[[ RECORD EXTRACTS, beginning ]]
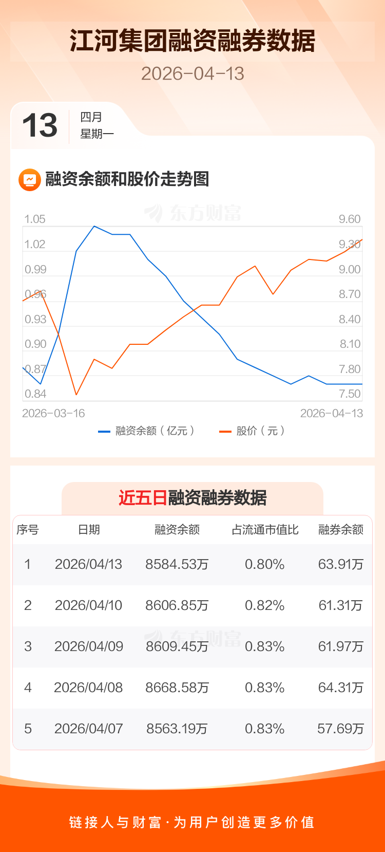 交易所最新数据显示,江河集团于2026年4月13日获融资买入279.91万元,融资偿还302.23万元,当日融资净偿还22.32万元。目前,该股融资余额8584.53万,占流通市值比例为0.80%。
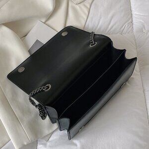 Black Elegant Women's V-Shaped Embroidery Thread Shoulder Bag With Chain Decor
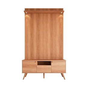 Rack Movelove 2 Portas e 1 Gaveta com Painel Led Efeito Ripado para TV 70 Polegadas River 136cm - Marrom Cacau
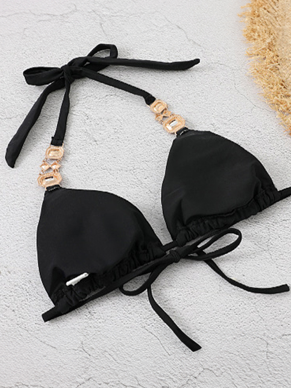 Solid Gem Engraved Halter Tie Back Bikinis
[[ RECORD EXTRACTS, end ]]
[[ RECORD EXTRACTS, beginning ]]
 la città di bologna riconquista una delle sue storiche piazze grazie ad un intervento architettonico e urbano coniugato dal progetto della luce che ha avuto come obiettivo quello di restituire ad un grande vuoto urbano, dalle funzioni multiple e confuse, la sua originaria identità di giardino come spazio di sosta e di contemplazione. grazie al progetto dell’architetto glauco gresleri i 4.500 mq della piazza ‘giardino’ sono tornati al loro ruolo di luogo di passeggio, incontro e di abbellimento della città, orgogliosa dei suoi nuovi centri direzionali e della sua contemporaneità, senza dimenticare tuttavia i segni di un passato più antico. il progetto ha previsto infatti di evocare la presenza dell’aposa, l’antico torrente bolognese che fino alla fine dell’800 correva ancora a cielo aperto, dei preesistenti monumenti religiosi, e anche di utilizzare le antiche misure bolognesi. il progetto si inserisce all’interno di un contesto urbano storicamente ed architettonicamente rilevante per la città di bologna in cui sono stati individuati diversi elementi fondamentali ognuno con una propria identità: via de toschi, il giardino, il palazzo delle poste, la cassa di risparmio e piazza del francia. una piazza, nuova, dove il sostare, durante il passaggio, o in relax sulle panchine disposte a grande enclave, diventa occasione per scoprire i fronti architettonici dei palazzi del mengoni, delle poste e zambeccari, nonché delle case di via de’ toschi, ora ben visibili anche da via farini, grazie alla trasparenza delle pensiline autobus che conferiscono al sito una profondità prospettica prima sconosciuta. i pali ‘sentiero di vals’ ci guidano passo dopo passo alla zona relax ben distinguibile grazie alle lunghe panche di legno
[[ RECORD EXTRACTS, end ]]
[[ RECORD EXTRACTS, beginning ]]
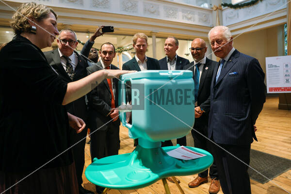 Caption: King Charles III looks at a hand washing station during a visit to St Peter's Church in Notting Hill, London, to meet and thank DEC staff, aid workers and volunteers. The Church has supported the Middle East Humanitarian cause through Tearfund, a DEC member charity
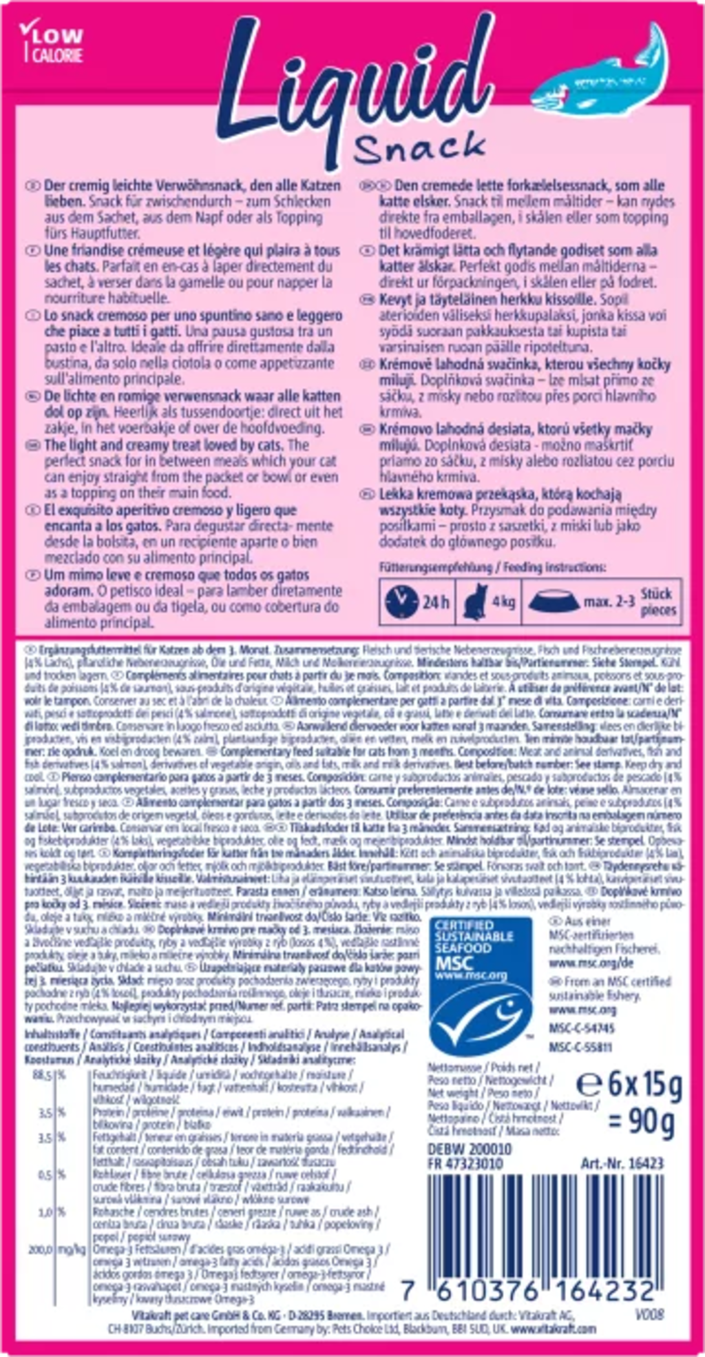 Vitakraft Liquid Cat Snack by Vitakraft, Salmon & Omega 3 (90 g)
[[ RECORD EXTRACTS, end ]]
> TASK STATEMENT:
Your output should be the lines above from the one that contains "Caption: King Charles" through the one that contains "Vitakraft Liquid Cat", word for word, with pictures left out.

> EXERCISE ANSWER:
 Caption: King Charles III looks at a hand washing station during a visit to St Peter's Church in Notting Hill, London, to meet and thank DEC staff, aid workers and volunteers. The Church has supported the Middle East Humanitarian cause through Tearfund, a DEC member charity
 Vitakraft Liquid Cat Snack by Vitakraft, Salmon & Omega 3 (90 g)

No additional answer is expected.